John nearly objects to the alliance on grounds of unworthiness, which is a valid concern. 

But John also objects on grounds that we also object to, daily. 

John objects on grounds of lethargy. 

John, his followers, you, me, us, all of us; 

We call out for a savior in our time of need. 

And when that Savior shows up, we lie down and wait for our Savior to do all the heavy lifting for us. 

In our baptisms, we are supposed to take on Christ the way God took on humanity through Jesus. 

So baptism serves as a bridge between us and God, but it seems like we are too busy calling for God to cross that bridge than to see the opportunity that the bridge gives to us. 
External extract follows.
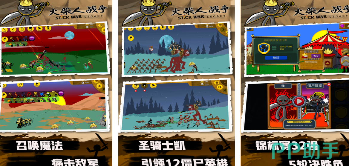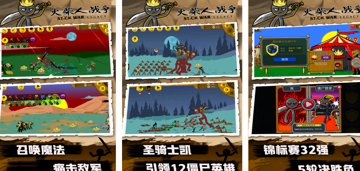 本作融合资源采集、兵种养成与实时战场指挥机制。玩家担任国家统帅,通过开采黄金等基础资源构建军事体系,麾下包含矿工、剑士、弓箭手、长矛手四大基础兵种,彼此存在明确克制链(如弓箭手克制剑士、长矛手克制骑兵等)。战斗采用横版即时演算方式,需根据敌方阵型结构动态调整己方部署与技能释放时机。随着战役推进,可解锁科技树分支,提升士兵生命值、攻击力、移动速度及特殊技能等级,形成差异化成长路径。

Not a bridge into salvation, but a bridge that allows us to be in relationship with God. 

Last week, Pastor Stephen mentioned the heart wrenching irony in the story of Herod’s slaughter of the innocents. 

And he mentioned that in spite of the birth of Jesus, even with the reality that is God entering into the world with us, God does not force us to participate in the righteousness of God, and this is why that tragedy and so many others continue to occur. 

But although God does not force us to participate in this righteousness, through our baptisms God INVITES us to participate. 

When John claims to be unworthy, it isn’t just that John sees himself as unworthy, John sees himself as UNABLE. 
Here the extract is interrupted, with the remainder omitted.